One class of wireless communication system that is robust in terms of tolerance of interference is spread spectrum communication. One type of spread spectrum communication is Direct Sequence Spread Spectrum (DSSS) communication. DSSS communication systems are in fact able to contend with Signal to Noise Ratios (SNR) of less than unity.
In conventional DSSS communication systems a binary data signal that is biased so that the two signal states have equal and opposite signal levels is multiplied by a higher frequency signal, thereby spreading its spectrum. The higher frequency signal comprises a series of pulses that are polarized according to the values of a series of elements of a DSSS code.
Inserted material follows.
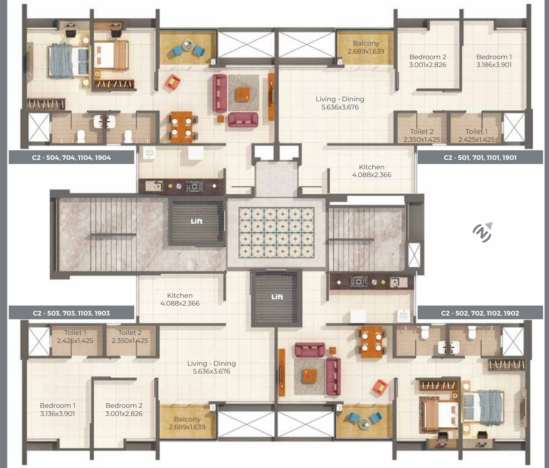
Building C2 - 5th, 7th, 11th & 19th Floor Plan

In conventional DSSS communication information is encoded by choosing the polarization of a sequence of pulses corresponding to a DSSS codes, according to the value of a corresponding data bit.
One signaling system uses different codes to communicate different N-bit bit patterns thereby achieving a higher data rate. Unfortunately for a given DSSS code length there are only a limited number of DSSS codes that are sufficiently uncorrelated to be used reliably in the same communication system. If the codes are not sufficiently uncorrelated, the robustness of the system to interference can be degraded due to the need to increase threshold levels used in construing a received symbol.
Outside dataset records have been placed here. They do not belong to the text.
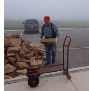
2. Loading larger rocks onto dolly. These will go by the Mission Field sign.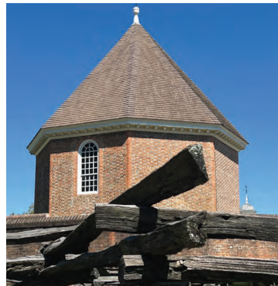
A carriage drives along Duke of Gloucester Street on a spring day. (Inset:) The Magazine, which was at the center of the Gunpowder Incident of 1775, is undergoing restoration that will more accurately represent its original design.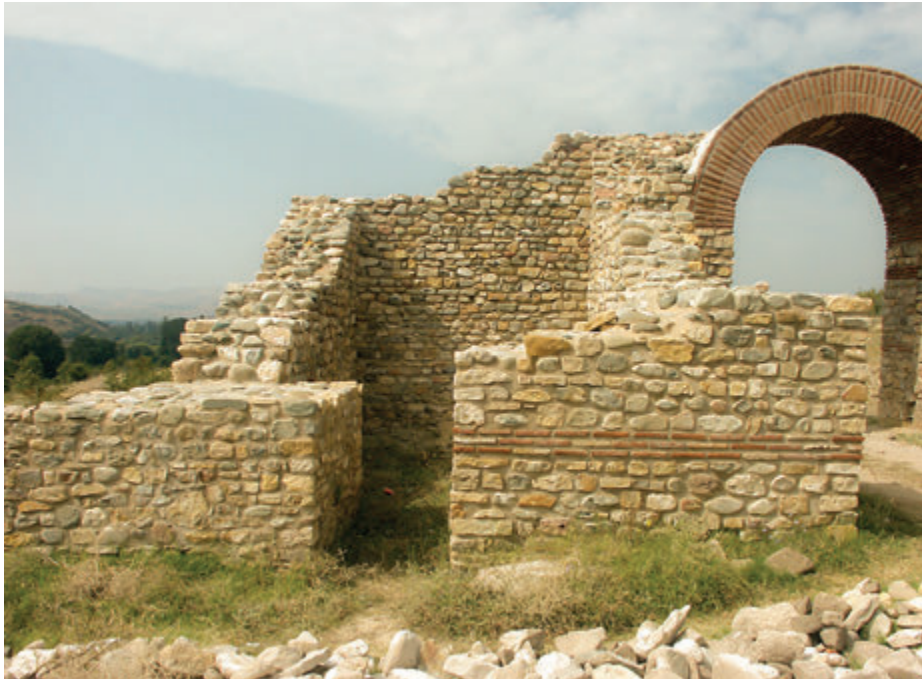
Tower 3 and part of a gate

One of the most important fortification elements built for the purpose of defending the city were the towers which protected the Main gate and the curtain walls (the space between two towers) .

One possible solution is to use a much longer DSSS code length so that there will be more uncorrelated DSSS codes that can be used for higher order Mary signaling in order to achieve higher signal rates. Unfortunately, the processing of longer DSSS codes increases power consumption and reduces battery life. The latter is unacceptable for low power wireless devices that are intended to be sustained in operation for long periods by a battery.
What is needed is spread spectrum signaling method that can achieve higher data rates without having to use longer DSSS codes, or otherwise increasing power consumption.